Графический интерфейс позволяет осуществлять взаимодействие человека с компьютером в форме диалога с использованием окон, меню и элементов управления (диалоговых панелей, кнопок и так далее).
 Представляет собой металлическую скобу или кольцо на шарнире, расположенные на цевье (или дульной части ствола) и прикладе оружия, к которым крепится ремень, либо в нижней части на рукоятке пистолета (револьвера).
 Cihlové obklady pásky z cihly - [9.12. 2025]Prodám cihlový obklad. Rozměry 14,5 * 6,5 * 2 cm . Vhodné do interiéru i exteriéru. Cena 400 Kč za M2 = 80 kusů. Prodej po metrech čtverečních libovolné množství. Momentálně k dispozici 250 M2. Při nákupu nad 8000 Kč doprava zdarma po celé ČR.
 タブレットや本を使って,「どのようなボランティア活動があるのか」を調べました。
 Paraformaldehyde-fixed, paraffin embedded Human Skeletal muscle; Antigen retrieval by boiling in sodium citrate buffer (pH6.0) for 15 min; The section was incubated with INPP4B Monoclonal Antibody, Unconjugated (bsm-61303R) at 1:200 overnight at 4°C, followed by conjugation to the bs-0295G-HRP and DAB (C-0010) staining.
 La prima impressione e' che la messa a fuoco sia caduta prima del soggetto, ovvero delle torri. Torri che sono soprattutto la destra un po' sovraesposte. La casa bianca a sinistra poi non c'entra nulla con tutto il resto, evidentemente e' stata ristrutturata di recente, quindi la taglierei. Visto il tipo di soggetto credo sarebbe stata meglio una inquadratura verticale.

---

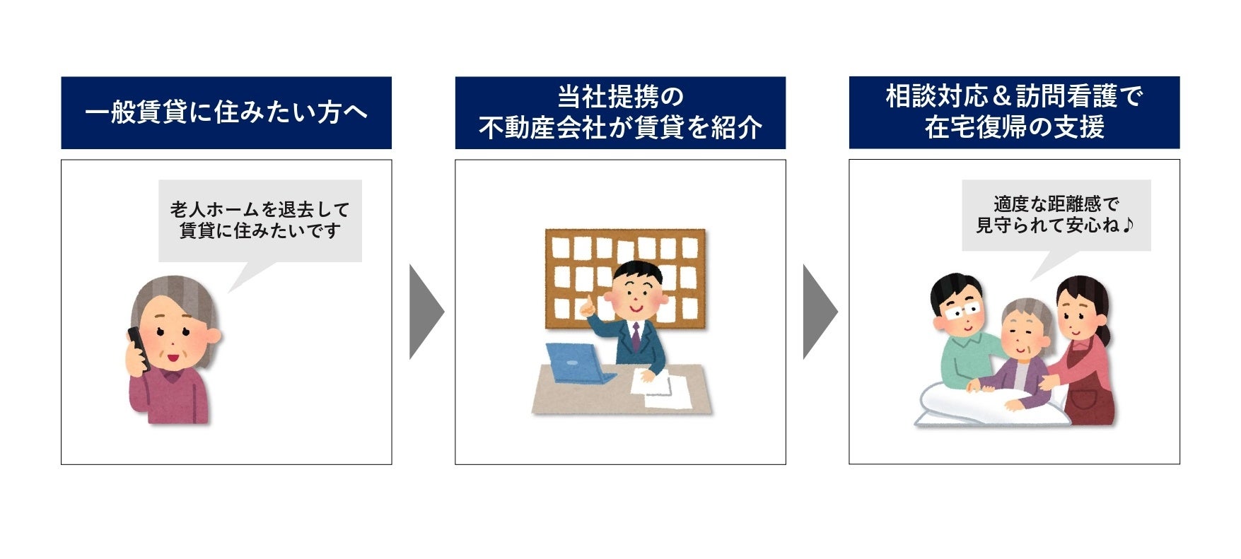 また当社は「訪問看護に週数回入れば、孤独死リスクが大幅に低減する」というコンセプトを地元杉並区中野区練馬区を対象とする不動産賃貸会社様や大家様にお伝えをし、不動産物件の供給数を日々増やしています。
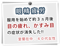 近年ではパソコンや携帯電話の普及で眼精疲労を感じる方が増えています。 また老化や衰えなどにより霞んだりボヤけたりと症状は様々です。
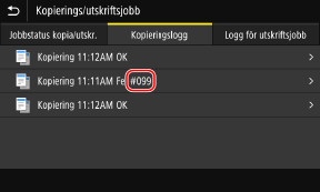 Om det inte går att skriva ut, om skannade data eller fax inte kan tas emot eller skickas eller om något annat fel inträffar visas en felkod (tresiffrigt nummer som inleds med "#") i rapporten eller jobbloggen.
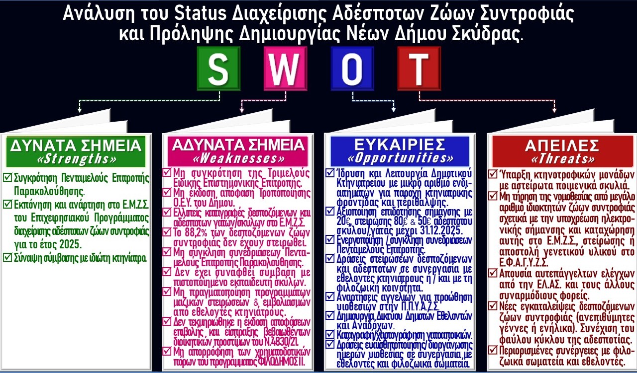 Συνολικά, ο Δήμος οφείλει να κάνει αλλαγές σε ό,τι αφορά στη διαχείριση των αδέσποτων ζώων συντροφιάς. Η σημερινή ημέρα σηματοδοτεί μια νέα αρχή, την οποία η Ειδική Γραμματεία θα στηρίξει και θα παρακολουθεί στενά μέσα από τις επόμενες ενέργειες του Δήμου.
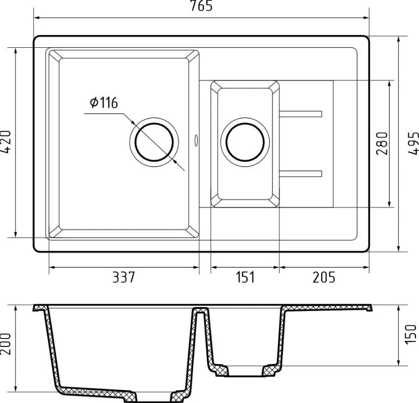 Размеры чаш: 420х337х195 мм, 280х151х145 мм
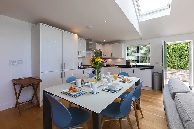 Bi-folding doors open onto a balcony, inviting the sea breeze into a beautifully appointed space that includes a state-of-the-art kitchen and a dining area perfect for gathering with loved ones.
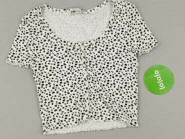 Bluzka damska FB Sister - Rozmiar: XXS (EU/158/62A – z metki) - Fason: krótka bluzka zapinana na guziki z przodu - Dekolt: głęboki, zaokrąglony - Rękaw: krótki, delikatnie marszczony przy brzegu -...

---

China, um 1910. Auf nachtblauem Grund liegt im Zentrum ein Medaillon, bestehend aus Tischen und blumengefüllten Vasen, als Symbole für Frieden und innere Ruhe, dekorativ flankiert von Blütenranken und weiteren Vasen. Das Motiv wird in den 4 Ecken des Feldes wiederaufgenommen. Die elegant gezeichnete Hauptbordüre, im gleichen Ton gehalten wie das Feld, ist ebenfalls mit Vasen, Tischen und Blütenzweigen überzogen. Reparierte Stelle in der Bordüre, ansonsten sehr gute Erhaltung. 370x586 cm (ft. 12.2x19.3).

- [Your goal]: Could you restate word for word the lines above, from the one that contains "タブレットや本を使って,「どのようなボランティア活動があるのか」を調べました。" through the one that contains "La prima impressione", and no others?

- [Solution for this exercise]:
 タブレットや本を使って,「どのようなボランティア活動があるのか」を調べました。
 Paraformaldehyde-fixed, paraffin embedded Human Skeletal muscle; Antigen retrieval by boiling in sodium citrate buffer (pH6.0) for 15 min; The section was incubated with INPP4B Monoclonal Antibody, Unconjugated (bsm-61303R) at 1:200 overnight at 4°C, followed by conjugation to the bs-0295G-HRP and DAB (C-0010) staining.
 La prima impressione e' che la messa a fuoco sia caduta prima del soggetto, ovvero delle torri. Torri che sono soprattutto la destra un po' sovraesposte. La casa bianca a sinistra poi non c'entra nulla con tutto il resto, evidentemente e' stata ristrutturata di recente, quindi la taglierei. Visto il tipo di soggetto credo sarebbe stata meglio una inquadratura verticale.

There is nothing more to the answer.